Business conditions in America—what is the meaning of the "recession", so-called?
BUSINESS CONDITIONS IN AMERICA—WHAT IS THE MEANING OF THE "RECESSION", SO-CALLED?
Mr. LEWIS. Mr. President, I beseech the Senate to give me its audience for a few moments. I desire to submit some suggestions on a subject aside from the pending bill.
Mr. President, I put the query to this honorable body: What is the matter with America, and what is the matter with the people?

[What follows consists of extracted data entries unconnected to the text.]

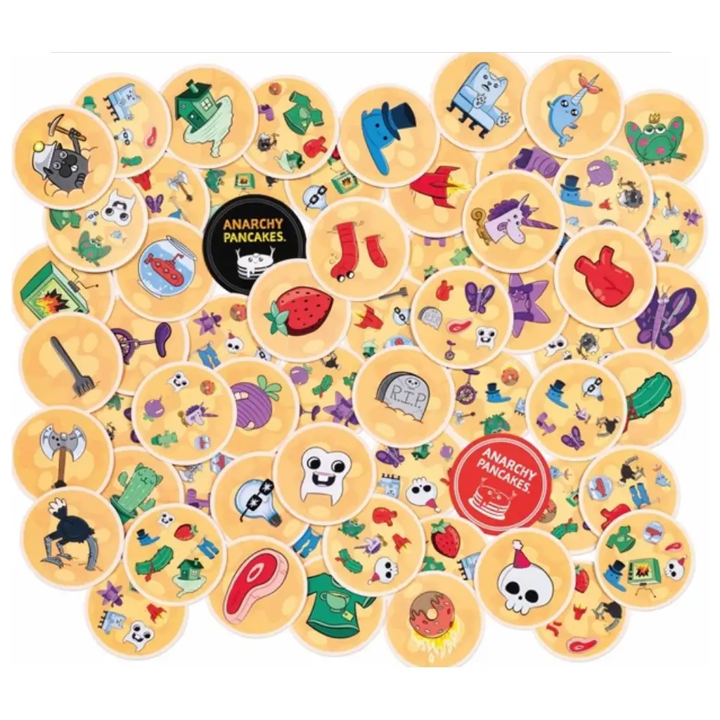 Anarhistična palačinka je igra s kartami, ki bo zagotovo pospešila srčni utrip! To je duhovita stvaritev ustvarjalcev Eksplozivnih mačk in Dobble, žepna, hitra družabna igra, kjer morate na palačinkah z zabavnimi slikicami najti skupne elemente z drugimi igralci, medtem ko so vse karte hkrati v igri. Na vsaki točki mize lahko najdete smešne figure, cilj pa je, da se čim prej znebite svojih palačink, tako da jih zlepite z drugimi, s čimer povzročite zmedo drugim. Preizkušate svojo pozornost in hitrost, da bi osvojili kos masla, in če imate srečo, lahko dosežete tudi dva kosa masla za zmago!
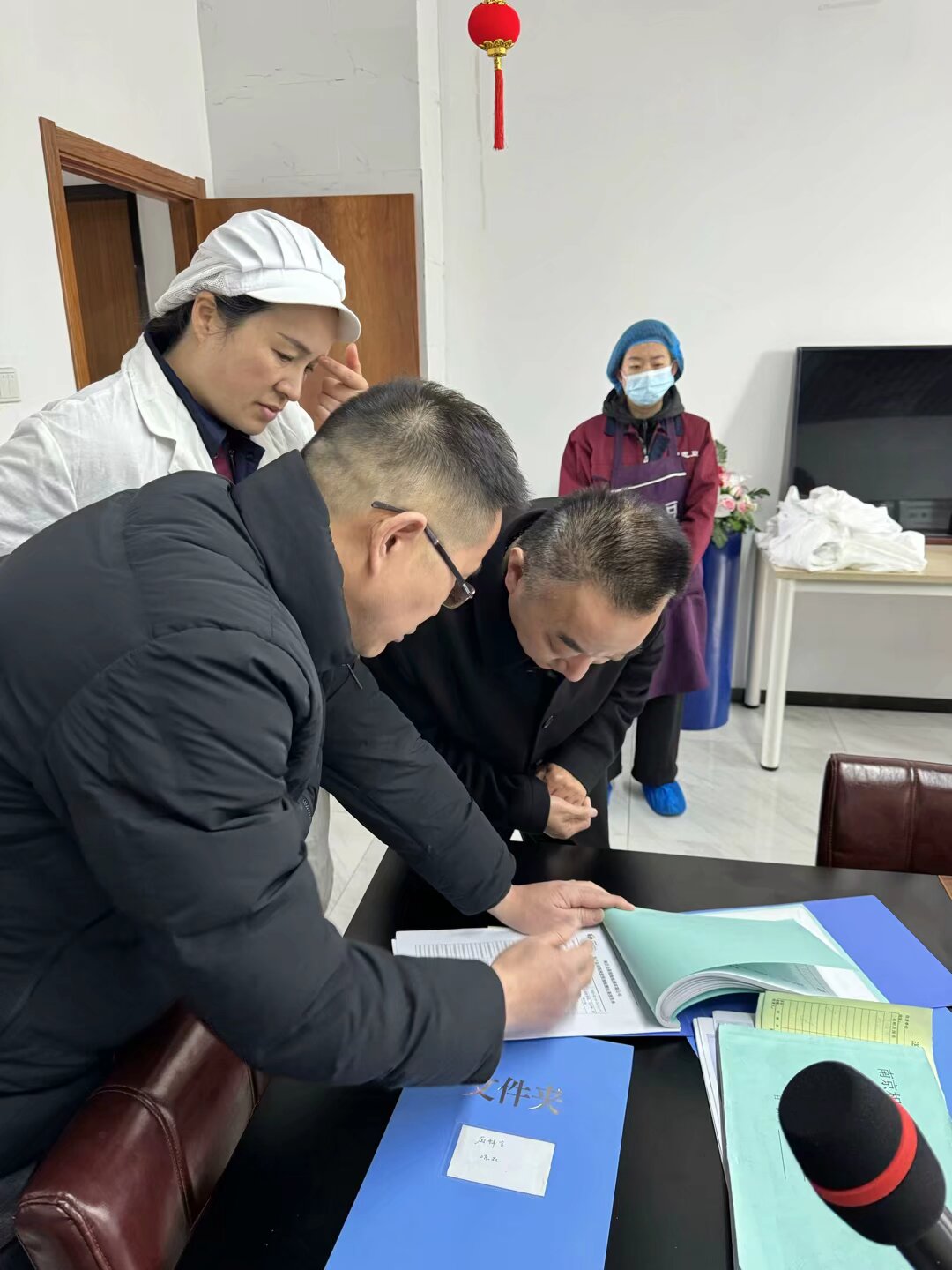 2025年2月20日上午,南京市南湖第三小学校长、党支部书记赵光华以及学校家长代表陈月珍陪同建邺区教育局后勤管理中心顾建科长、赵主任,对相思豆餐饮公司进行了“四不两直”检查,深入了解学生配餐工作的开展情况。此次检查不仅是对餐饮公司的一次全面“体检”,更是为了确保每一位学生吃得安全、吃得营养、吃得健康1. 四不两直,直击现场本次检查采用“四不两直”方式,即不发
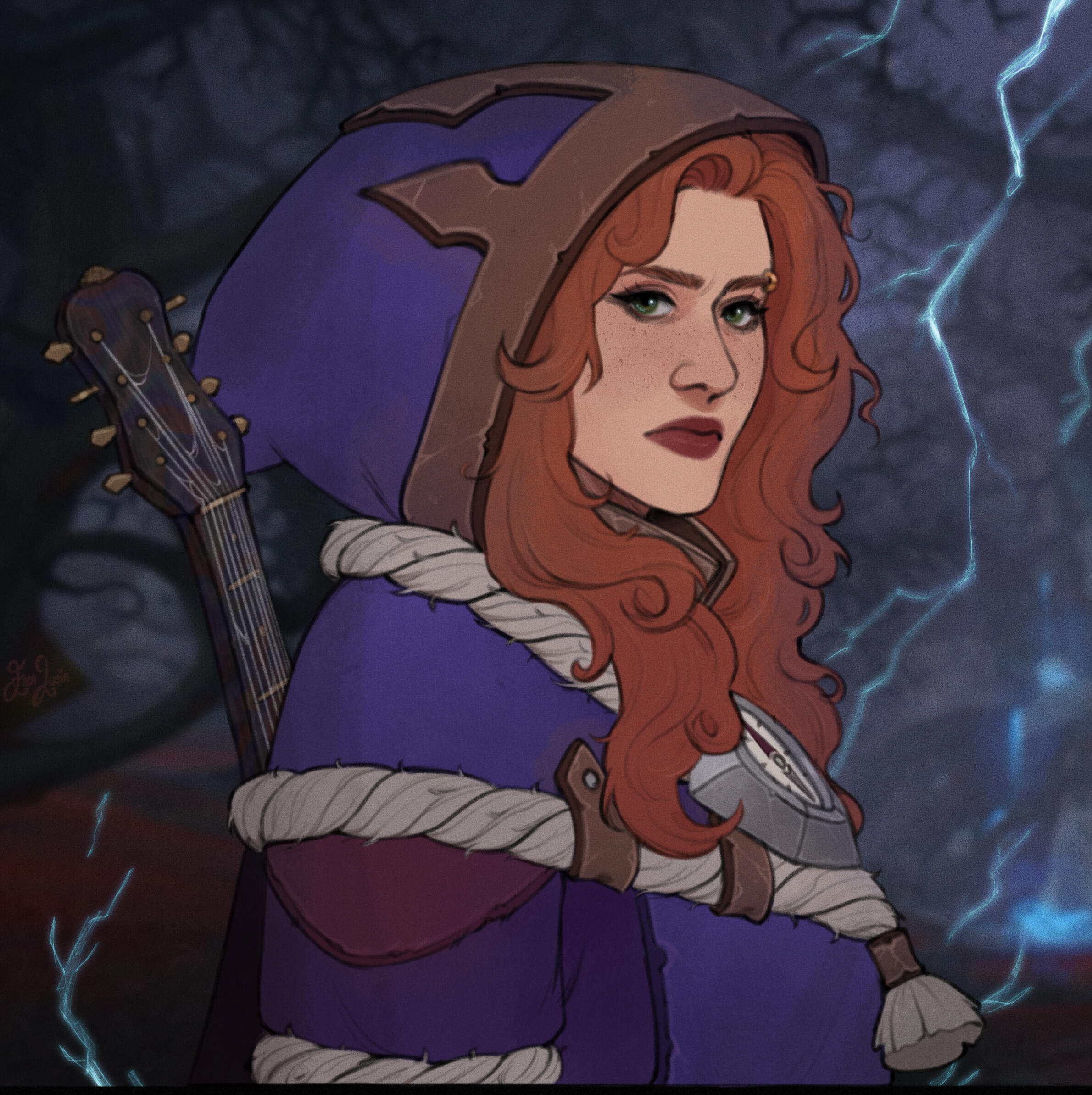 Hand crafted from a Blackwald tree with protective runes and thorned vines; this heirloom is dubbed the Lunalyre. In hidden places one can see strange runes which are not like those commonly used. It’s strung with delicate spider webs and close inspection reveals ethereal arachnids living in its hollow. It’s held on her back by a black strap with silver-threaded design of fish and sparrows. The mandolin radiates magic from the Tidemother, but its fabrication originates from fae magic.
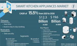 PHILADELPHIA, UNITED STATES , January 10, 2022 /EINPresswire.com/ -- Fatpos Global has released a report titled “Smart Kitchen Appliances Market - Analysis of Market Size, Share & Trends for 2014 – 2020 and Forecasts to 2030” which is anticipated to reach USD 19.6 billion by 2030. According to a study by Fatpos Global, the Smart Kitchen Appliances market is anticipated to portray a CAGR of 15.5 % between 2020 and 2030. According to the report, Due to an acute shortage of time in an era where every individual is focusing on moving forth with maximum productivity, it has become extremely important for people to complete their tasks in the required time and with great precision. Hence it has become extremely important for a machine to do a part of the work on its own and save human time to some extent. The introduction of IoT in these devices has gained high popularity and provided the market with great momentum.“Smart refrigerators are now more useful than ever, they not only keep the food fresh but also help the users in their shopping list and buying kitchen ingredients online. They can work on a person’s voice command and can function accordingly. Some appliances can read out the full recipe to the user, alarm the consumer about the expiration date of food products and even create a list of products a consumer is lacking with. User-friendly interfaces and touch screen facilities allow a user to leave a message for another person to read. Other appliances assist the user with temperature control and cooking time. Smart appliances assist the user by starting cooking even without the physical presence of the user. The application of IoT and artificial intelligence assists a user in carefully monitoring the ingredients used by the consumer and helps the user with a healthy diet. Green IoT focuses on lowering energy consumption and CO2 emission hence preserving the environment.”, said a lead analyst at Fatpos Global.
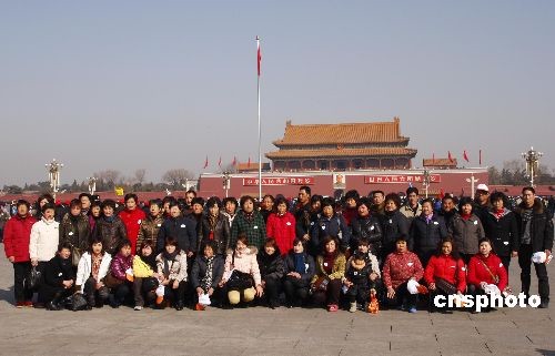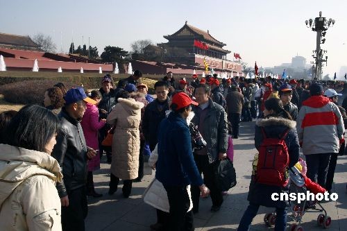 2月27日,全國“兩會”召開前,北京天安門前噴泉開放,各地游客如織。中新社發(fā) 鄭雄增 攝
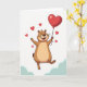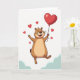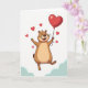 This Valentine’s Day greeting card features a chubby, groundhog-like character floating happily in the air. The character has light brown fur with a darker outline, wide joyful eyes, and a big smile with a tiny pink tongue showing. One arm stretches outward while the other holds a thin string tied to a shiny red heart-shaped balloon drifting near the top of the card. Several smaller red hearts float around the character, adding a sweet romantic touch ❤️💌. The background is bright white with a soft hint of pale blue clouds along the bottom edge, giving the scene a light, uplifting feel. There is no text on the front, letting the artwork speak for itself. It’s a cheerful, caring card that’s perfect for sharing Valentine’s Day love with someone special
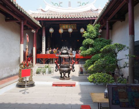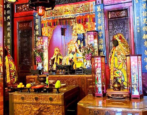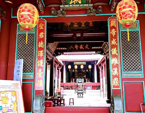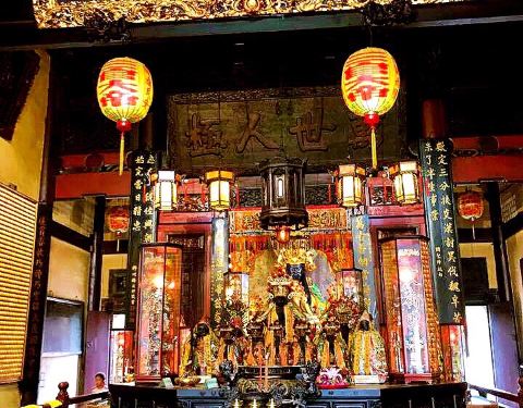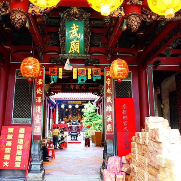 祀典武庙就在赤崁楼正对面的巷子里,虽然主祭的是关公,但是里面几乎什么都可以求祀典武庙就在赤崁楼正对面的巷子里,虽然主祭的是关公,但是里面几乎什么都可以求。既有观音可求子、也有月老可求姻缘,反倒是关公还比较轻闲了
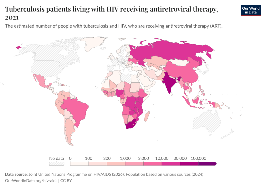 Tuberculosis (TB) is the leading HIV-associated opportunistic infection in low- and middle-income countries, and it is a leading cause of death globally among people living with HIV. Death due to tuberculosis remains high among people living with HIV. However, the number of deaths is decreasing. Most of the global mortality due to TB among those with HIV is from cases in Sub-Saharan Africa.
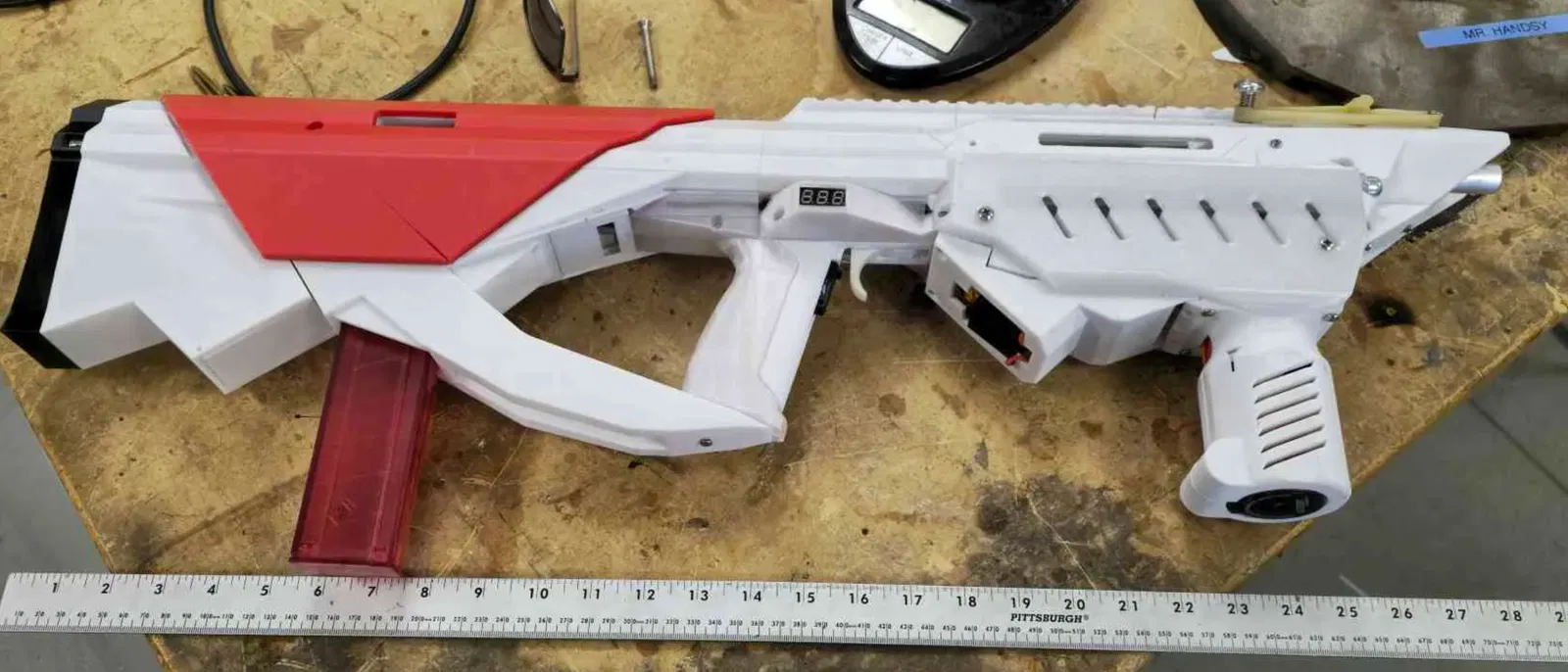 Ban đầu dựa trên nền tảng Lynx, cây blaster đã được chỉnh sửa rất nhiều này là AEB open bolt, truyền động bằng xích (chain driven). Máy dùng motor brushless size 550 và tùy theo gearbox (21:1 hoặc 51:1) có thể đạt 280 fps ở 16 dps hoặc 330 fps ở 8 dps. Nó dùng pin Lipo 3s 5200 mah, có coupler nhôm gia công (machined aluminum) và nhông xích thép cắt laser (laser cut steel sprockets). Chu trình cycling cũng đã được tinh chỉnh để cấp đạn ổn định với dart bị mòn khi dùng talon thường.

This morning from the press we read that the New York stock market—to take but a single barometer—has fallen precipitously for many weeks; that throughout the East uncertainty and general fear prevail; and that the belief prevails that this major recession has been caused to no small degree by the New Deal policies in general, and the tax laws of the Roosevelt administration in particular. It is said that this belief has become so general that for the first time since 1930 there appears to be a majority in Congress disposed against the administration and in behalf of the businessman. How can anyone be for the businessman and not be for the President? The President has constantly announced his advocacy of the business of the businessman.
Mr. President, I call to the attention of the Senate this statement. I invite you to consider also the fact that a statement of a similar nature comes now from San Francisco, Calif. I so read. I ask my colleagues, What does it mean that there should be in difierent parts of our country at this particular time such a concurrence by chosen voices in the denunciation of their own country? There is a union of these agencies in a condemnation of the administration of their Government. All this is, in such unison as we are now having it, disclosing for its purpose an intention to depress the confidence of our people in our own country, and evidently to drive the Members of this honorable body and their colleagues in another body to some purpose of those who are the authors of the system and inaugurated the conspiracy.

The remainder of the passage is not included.